Among the entries that follow, the required portion opens with the line containing "自動(dòng)雙工位激光電線雕刻系統(tǒng)專利" and closes with the line containing "Popis Celokovová stolní". Give that portion again exactly, and nothing else.

__Records provided__:

________________________________________

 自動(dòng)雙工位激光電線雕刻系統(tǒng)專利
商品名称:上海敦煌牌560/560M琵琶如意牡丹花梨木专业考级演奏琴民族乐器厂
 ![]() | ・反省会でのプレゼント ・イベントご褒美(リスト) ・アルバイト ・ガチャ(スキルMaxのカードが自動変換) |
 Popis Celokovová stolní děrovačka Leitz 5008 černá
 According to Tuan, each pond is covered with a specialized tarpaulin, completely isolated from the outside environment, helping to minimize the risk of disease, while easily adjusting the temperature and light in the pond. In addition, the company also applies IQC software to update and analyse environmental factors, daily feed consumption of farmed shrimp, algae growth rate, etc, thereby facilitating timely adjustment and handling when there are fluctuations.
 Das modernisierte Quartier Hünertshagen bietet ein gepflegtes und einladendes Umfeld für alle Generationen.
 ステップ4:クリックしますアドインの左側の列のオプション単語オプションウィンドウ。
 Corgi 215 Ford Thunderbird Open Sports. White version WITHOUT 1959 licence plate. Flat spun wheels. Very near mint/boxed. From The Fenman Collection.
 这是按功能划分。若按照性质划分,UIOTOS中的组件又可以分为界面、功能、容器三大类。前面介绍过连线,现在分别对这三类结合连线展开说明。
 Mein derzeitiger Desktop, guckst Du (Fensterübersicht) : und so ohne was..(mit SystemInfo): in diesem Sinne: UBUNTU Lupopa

________________________________________

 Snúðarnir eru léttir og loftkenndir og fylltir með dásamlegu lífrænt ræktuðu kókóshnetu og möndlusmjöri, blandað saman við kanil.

________________________________________

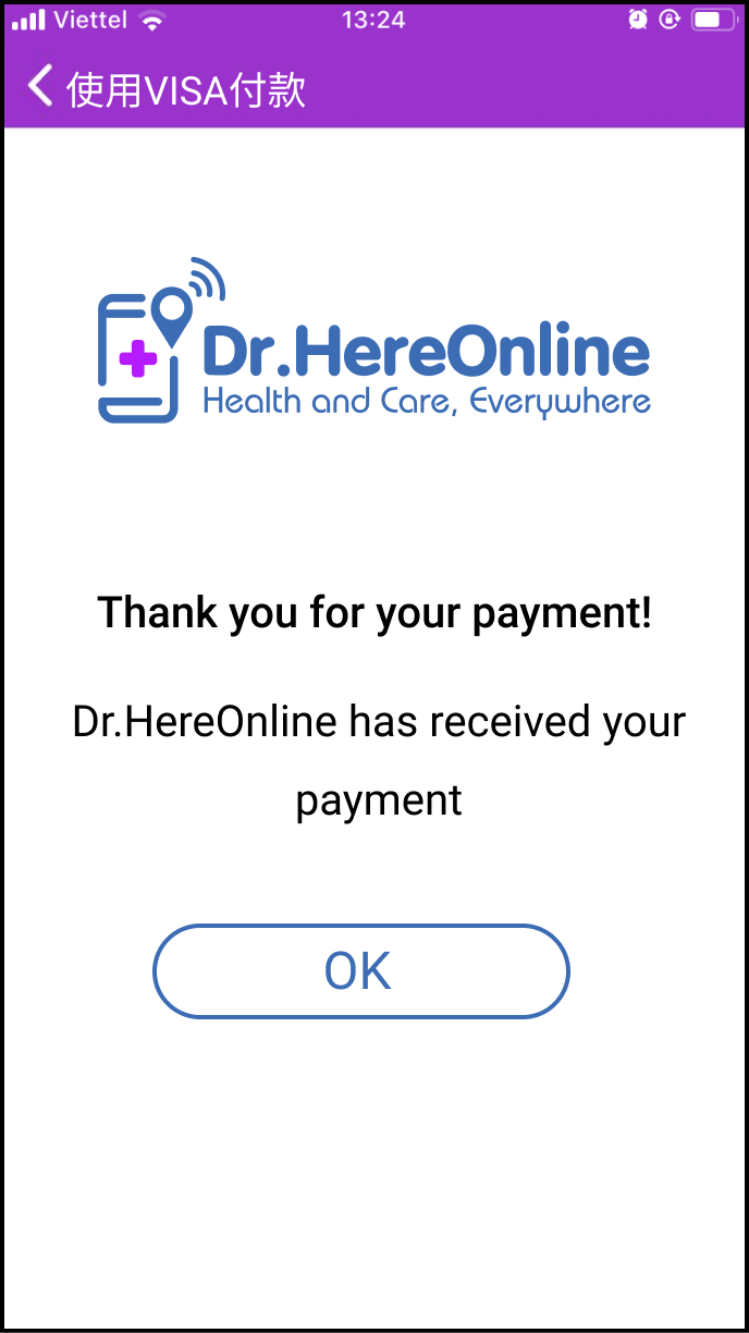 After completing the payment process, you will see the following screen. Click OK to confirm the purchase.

________________________________________

__Task result__:
 自動(dòng)雙工位激光電線雕刻系統(tǒng)專利
商品名称:上海敦煌牌560/560M琵琶如意牡丹花梨木专业考级演奏琴民族乐器厂
 ![]() | ・反省会でのプレゼント ・イベントご褒美(リスト) ・アルバイト ・ガチャ(スキルMaxのカードが自動変換) |
 Popis Celokovová stolní děrovačka Leitz 5008 černá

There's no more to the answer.